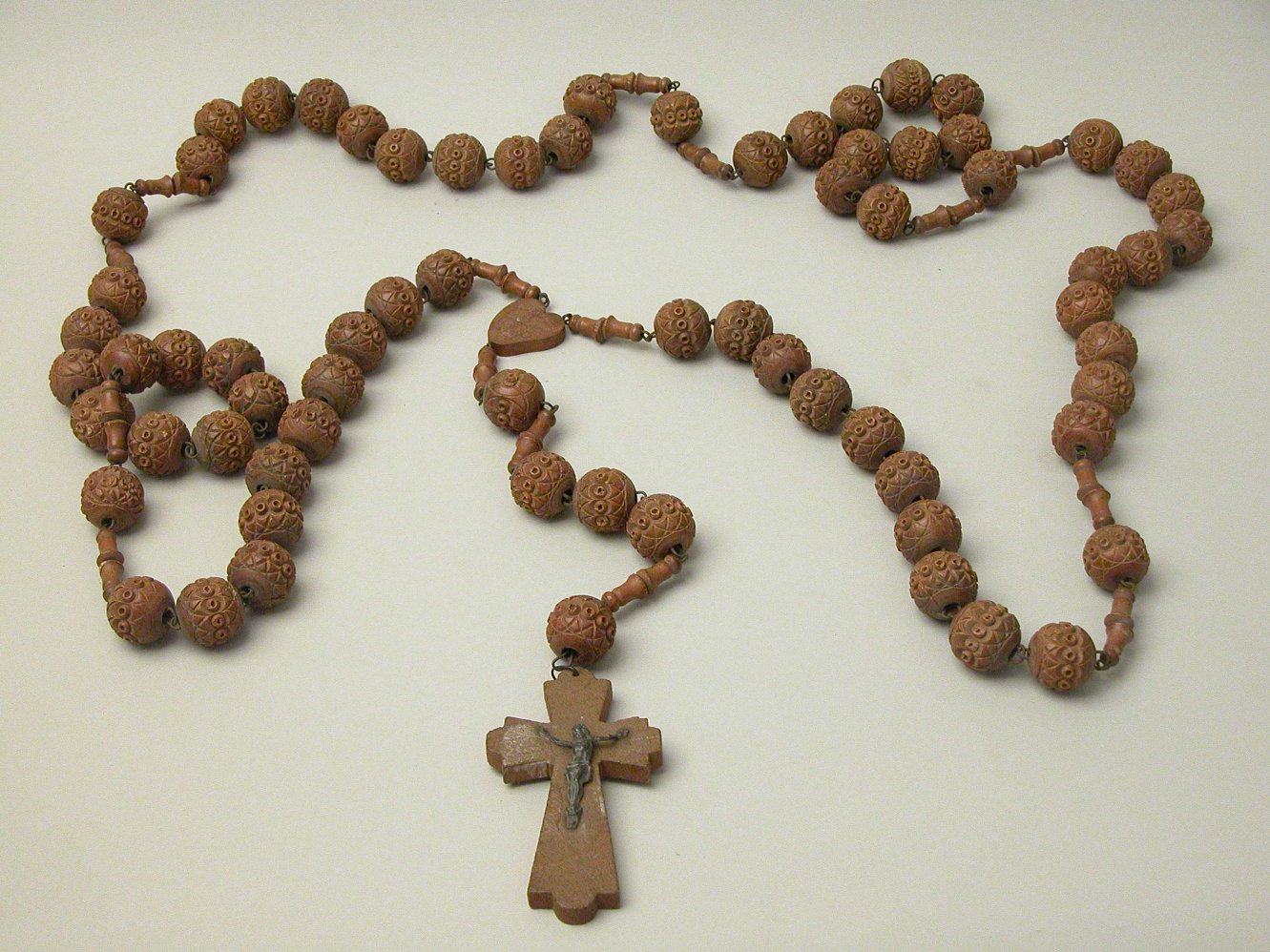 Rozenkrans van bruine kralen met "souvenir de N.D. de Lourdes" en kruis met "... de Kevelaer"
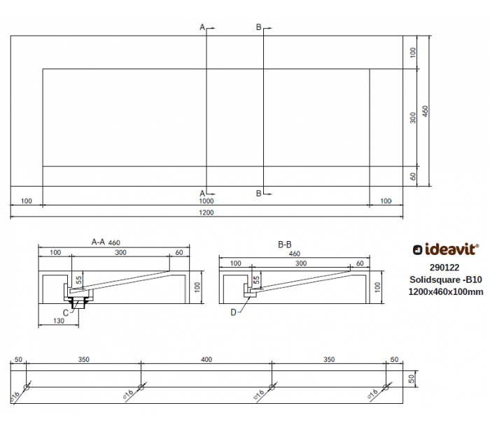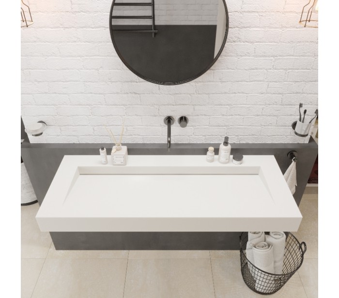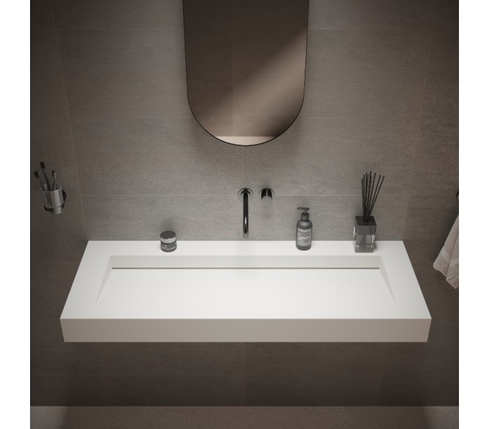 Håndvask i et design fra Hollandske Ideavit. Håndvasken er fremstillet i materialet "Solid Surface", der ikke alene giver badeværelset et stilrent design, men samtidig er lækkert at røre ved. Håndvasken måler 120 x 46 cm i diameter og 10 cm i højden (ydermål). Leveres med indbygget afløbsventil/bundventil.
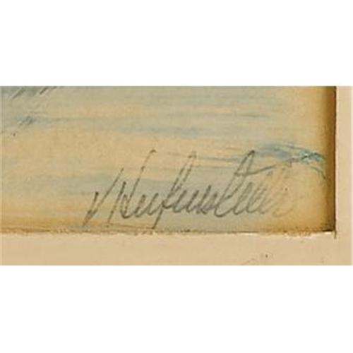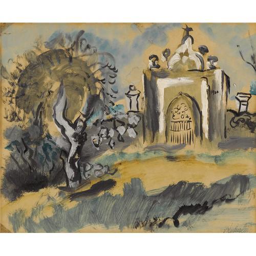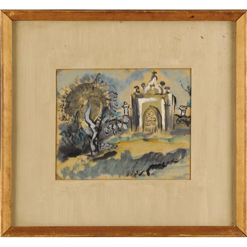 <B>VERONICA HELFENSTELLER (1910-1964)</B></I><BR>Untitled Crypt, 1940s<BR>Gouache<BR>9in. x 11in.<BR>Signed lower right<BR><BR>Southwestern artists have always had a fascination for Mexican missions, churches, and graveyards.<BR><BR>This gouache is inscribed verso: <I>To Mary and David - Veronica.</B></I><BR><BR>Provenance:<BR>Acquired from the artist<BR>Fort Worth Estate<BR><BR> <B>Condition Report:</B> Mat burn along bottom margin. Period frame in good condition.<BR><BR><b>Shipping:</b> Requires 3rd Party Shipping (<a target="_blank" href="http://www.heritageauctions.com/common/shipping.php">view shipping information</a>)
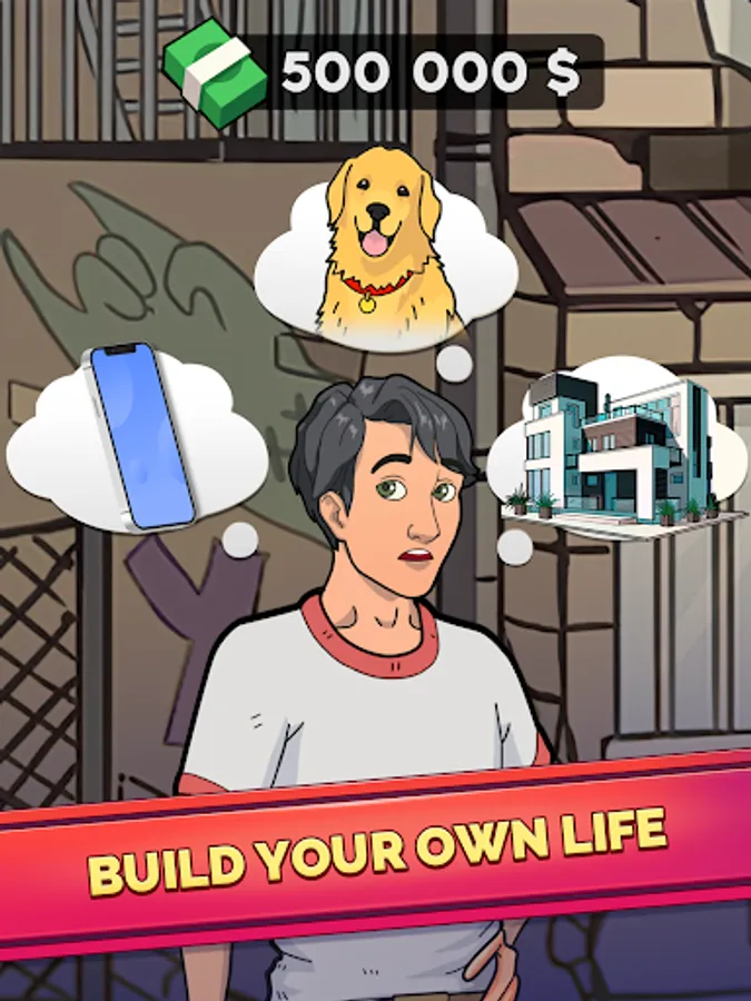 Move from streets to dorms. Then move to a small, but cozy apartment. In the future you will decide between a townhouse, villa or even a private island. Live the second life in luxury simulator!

* * *

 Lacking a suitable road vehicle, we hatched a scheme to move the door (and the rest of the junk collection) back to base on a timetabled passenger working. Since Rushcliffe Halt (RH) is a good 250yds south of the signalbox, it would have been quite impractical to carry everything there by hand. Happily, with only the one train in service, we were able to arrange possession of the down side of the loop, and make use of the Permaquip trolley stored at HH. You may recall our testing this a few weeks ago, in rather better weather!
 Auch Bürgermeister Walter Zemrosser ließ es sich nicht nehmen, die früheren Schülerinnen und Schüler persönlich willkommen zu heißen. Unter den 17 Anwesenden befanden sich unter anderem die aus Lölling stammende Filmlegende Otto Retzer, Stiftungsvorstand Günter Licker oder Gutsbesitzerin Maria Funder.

**What is being asked**.
Start at the line above containing "Rozenkrans van bruine" and stop at the line containing "Håndvask i et": print those lines and everything between them exactly, but not the pictures.

**Output of the exercise**.
 Rozenkrans van bruine kralen met "souvenir de N.D. de Lourdes" en kruis met "... de Kevelaer"
 Håndvask i et design fra Hollandske Ideavit. Håndvasken er fremstillet i materialet "Solid Surface", der ikke alene giver badeværelset et stilrent design, men samtidig er lækkert at røre ved. Håndvasken måler 120 x 46 cm i diameter og 10 cm i højden (ydermål). Leveres med indbygget afløbsventil/bundventil.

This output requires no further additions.